_Exercise goal_: From the line containing "This solid-colored women's" to the line containing "Perfect Home Rozsdamentes" in the entries below, reproduce every line exactly, ends included. Nothing else belongs in the copy, and no pictures.

Records contained in a dataset:
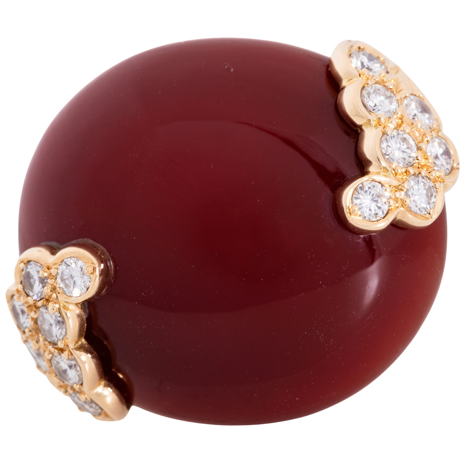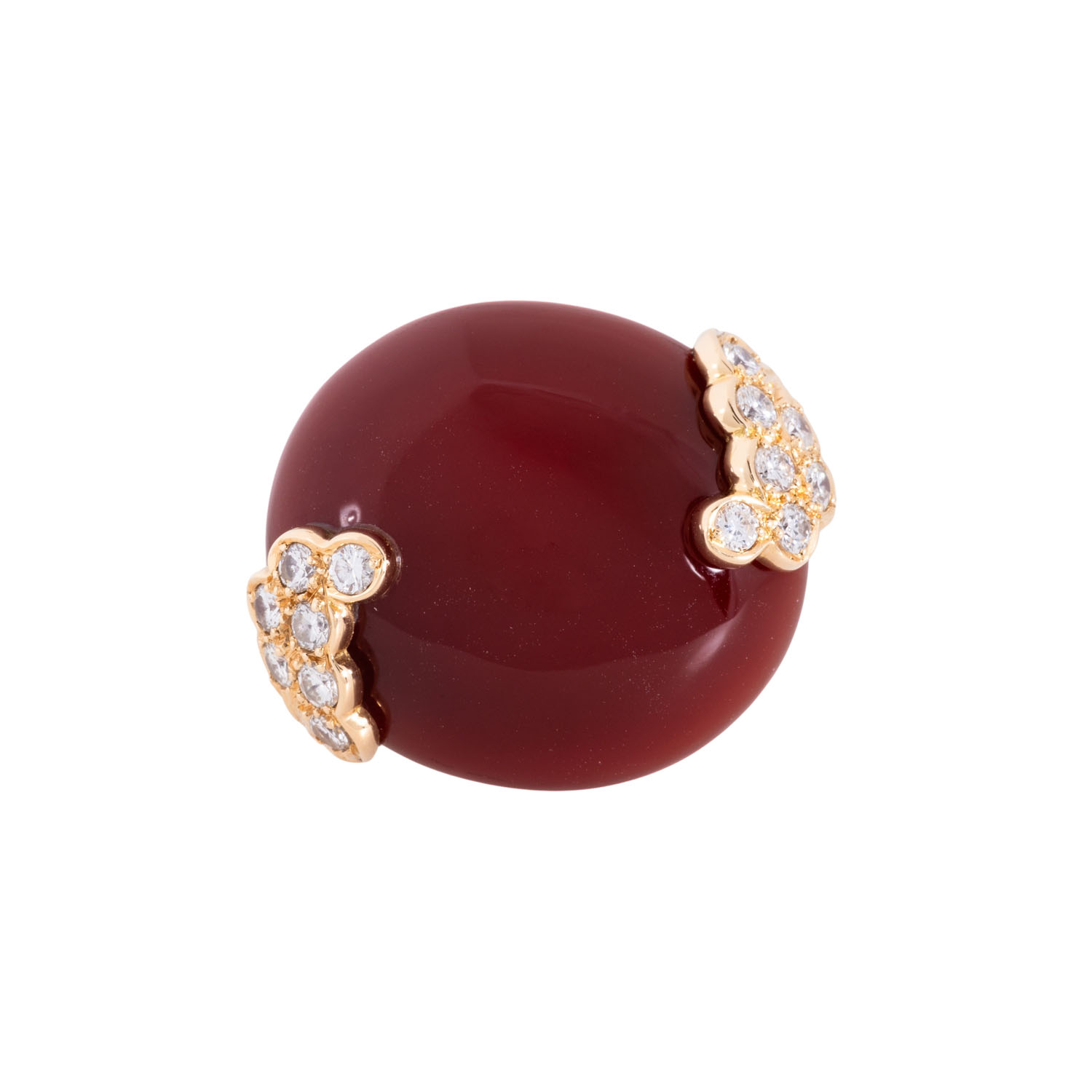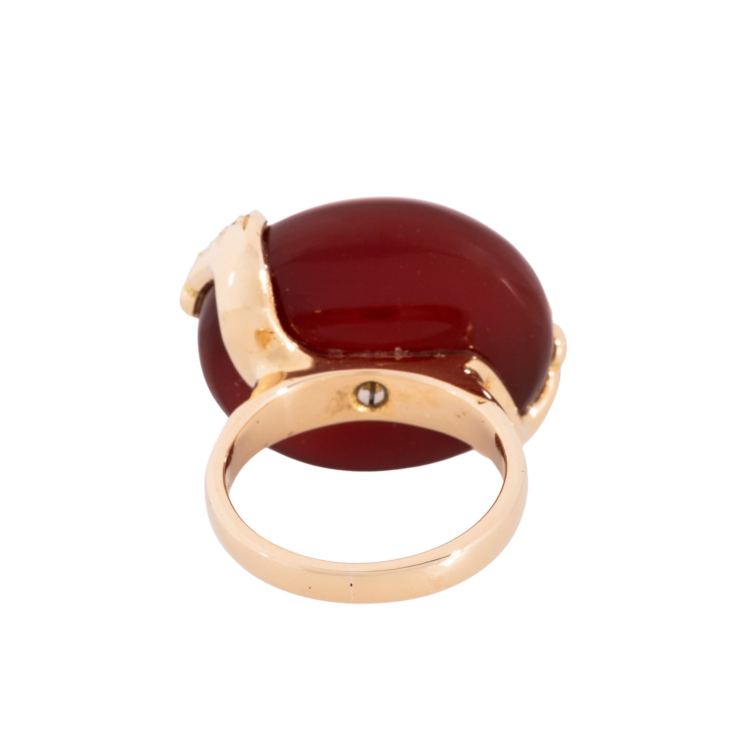 Ring with carnelian cabochon and small brilliant-cut diamonds totalling ca. 0.55 ct, ca. WHITE (H)/SI, 18K YG, 14.6 gr, ring size 53, 1980s, minor signs of wear, incl. Jacobi case and Jacobi certificate.
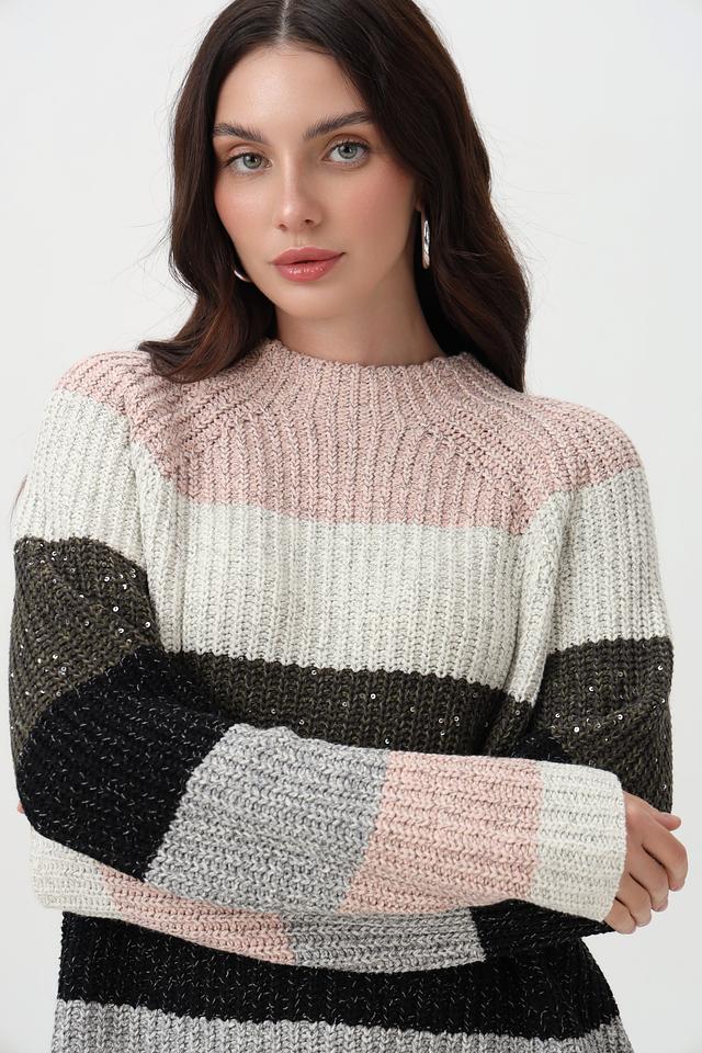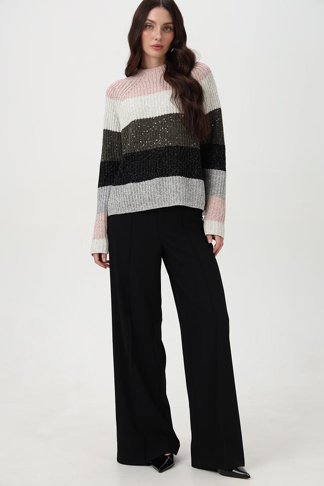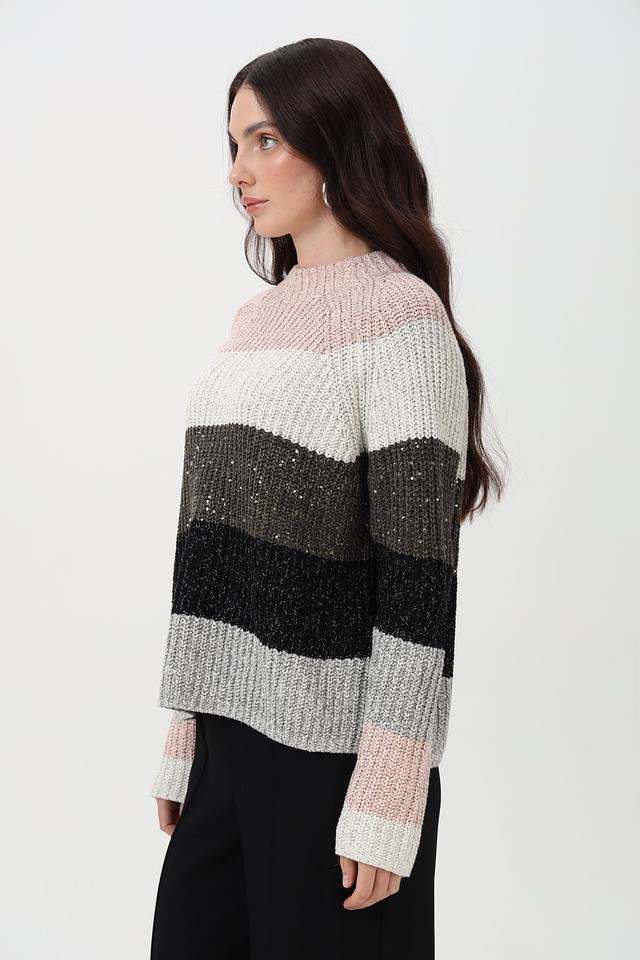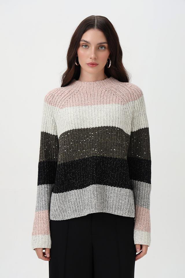 Пуловер имеет круглый вырез и длинные рукава, обеспечивающие комфортную посадку. На полосах деликатно вплетены пайетки, придающие изделию лёгкое мерцание и праздничный вид. Свободный крой не сковывает движений и позволяет создать расслабленный образ.
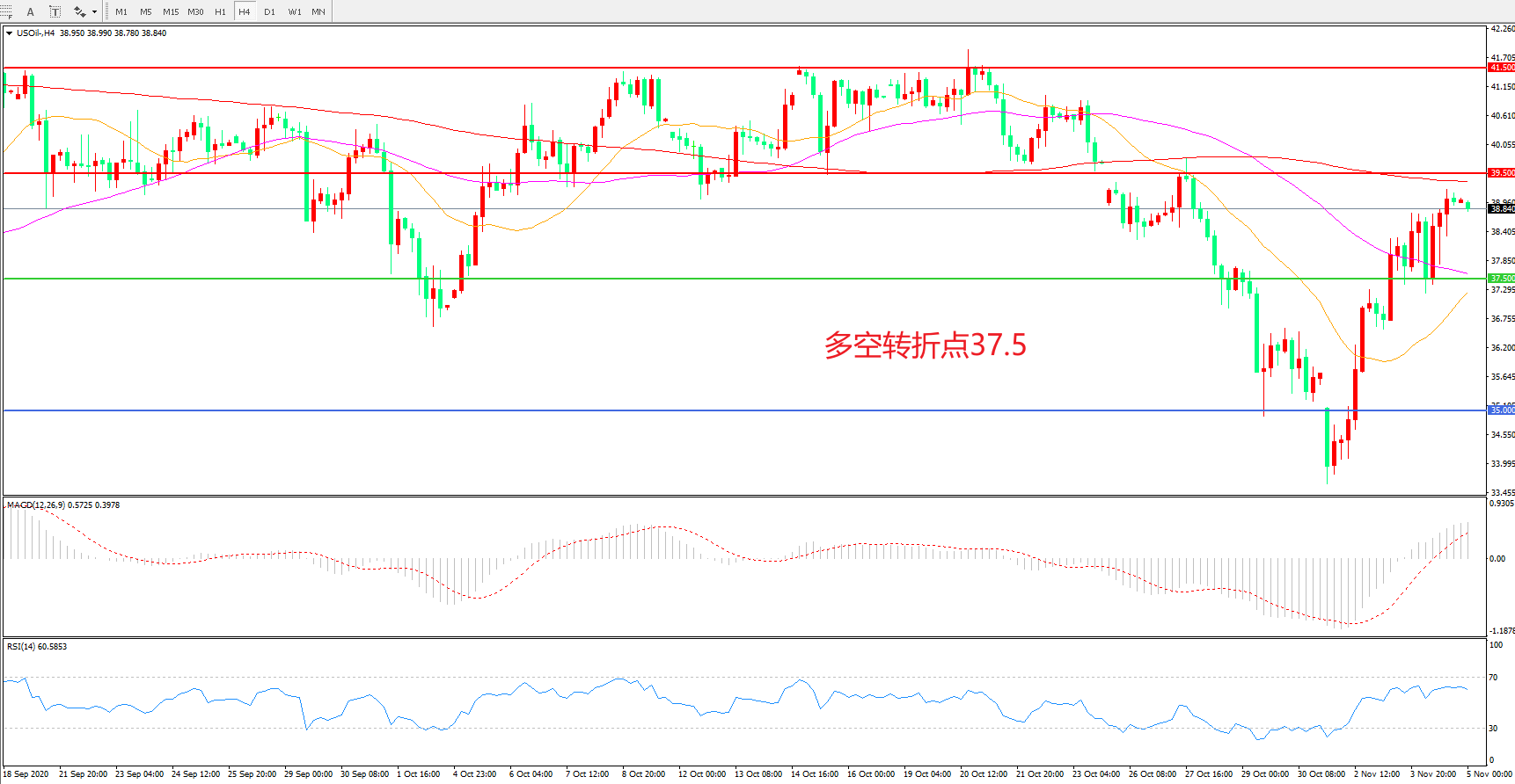 4小时图看,油价低位连续拉升,短期表现有所回暖,37.5美元成为下方支撑,200均线成为短期阻力,MACD红柱增加,RSI指标走平,日内延续上行概率较大。
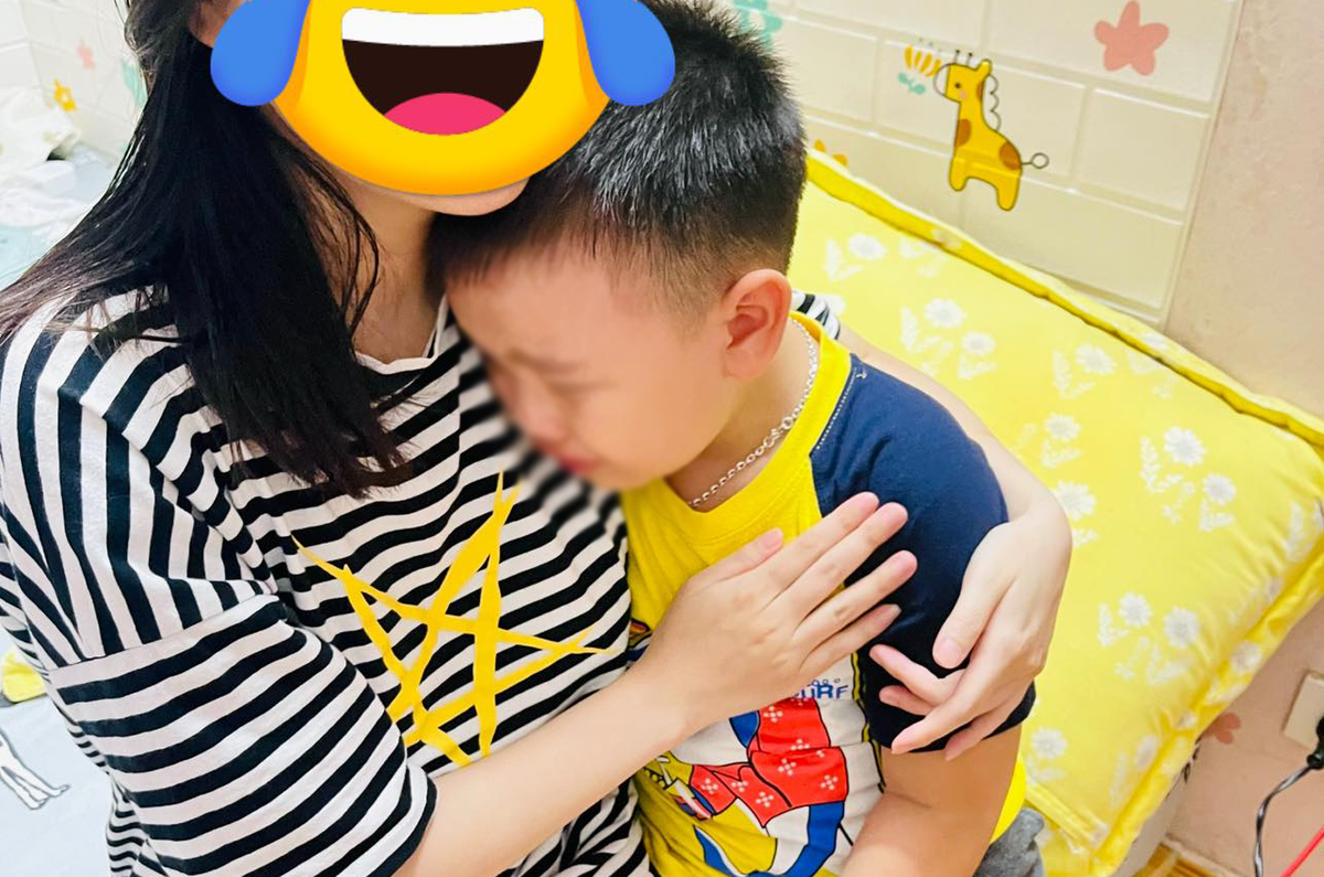 Người mẹ ra sức dỗ dành cậu con trai đang khóc mãi không dừng.
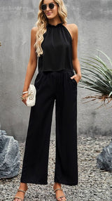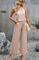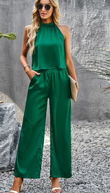 This solid-colored women's outfit set features a collarless top with a sleeveless design for optimal comfort during warm weather. The flowing satin material and relaxed fit ensure ease of movement, while the pants' length adds sophistication to this breezy look.
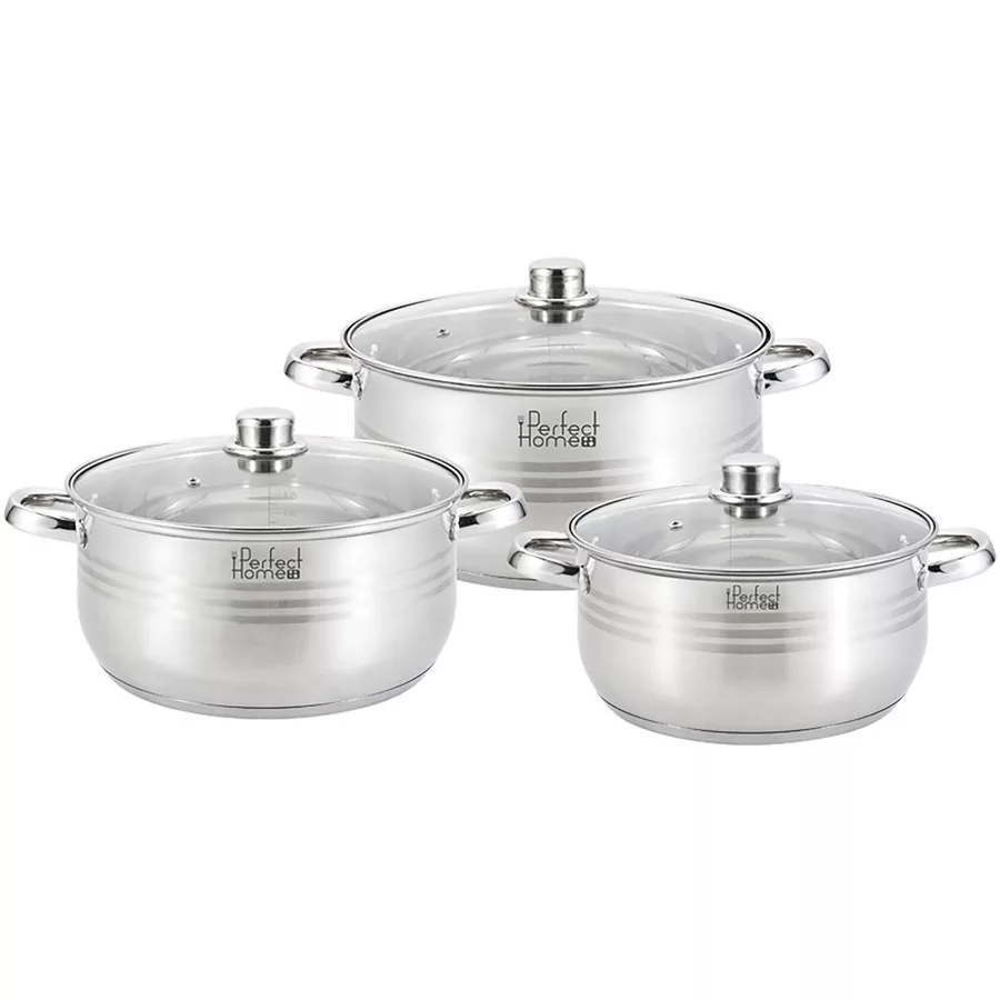 Perfect Home Rozsdamentes edénykészlet / lábas szett üvegfedővel ~5,5/7/8,5 liter 28301
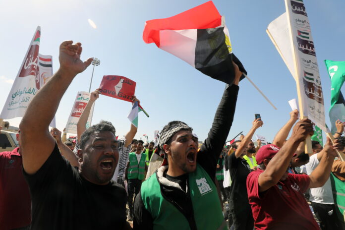 Στο Κάιρο, δεκάδες χιλιάδες διαδηλωτές, μερικές χιλιάδες από τους οποίους στην εμβληματική πλατεία Ταχρίρ, φώναξαν “Ψωμί, ελευθερία, αραβική Παλαιστίνη” και “Ο λαός θέλει την πτώση του Ισραήλ”, παραφράζοντας τα δύο κυριότερα συνθήματα της “επανάστασης” του 2011 που ανέτρεψε τον πρόεδρο Χόσνι Μουμπάρακ.

_Task output_:
 This solid-colored women's outfit set features a collarless top with a sleeveless design for optimal comfort during warm weather. The flowing satin material and relaxed fit ensure ease of movement, while the pants' length adds sophistication to this breezy look.
 Perfect Home Rozsdamentes edénykészlet / lábas szett üvegfedővel ~5,5/7/8,5 liter 28301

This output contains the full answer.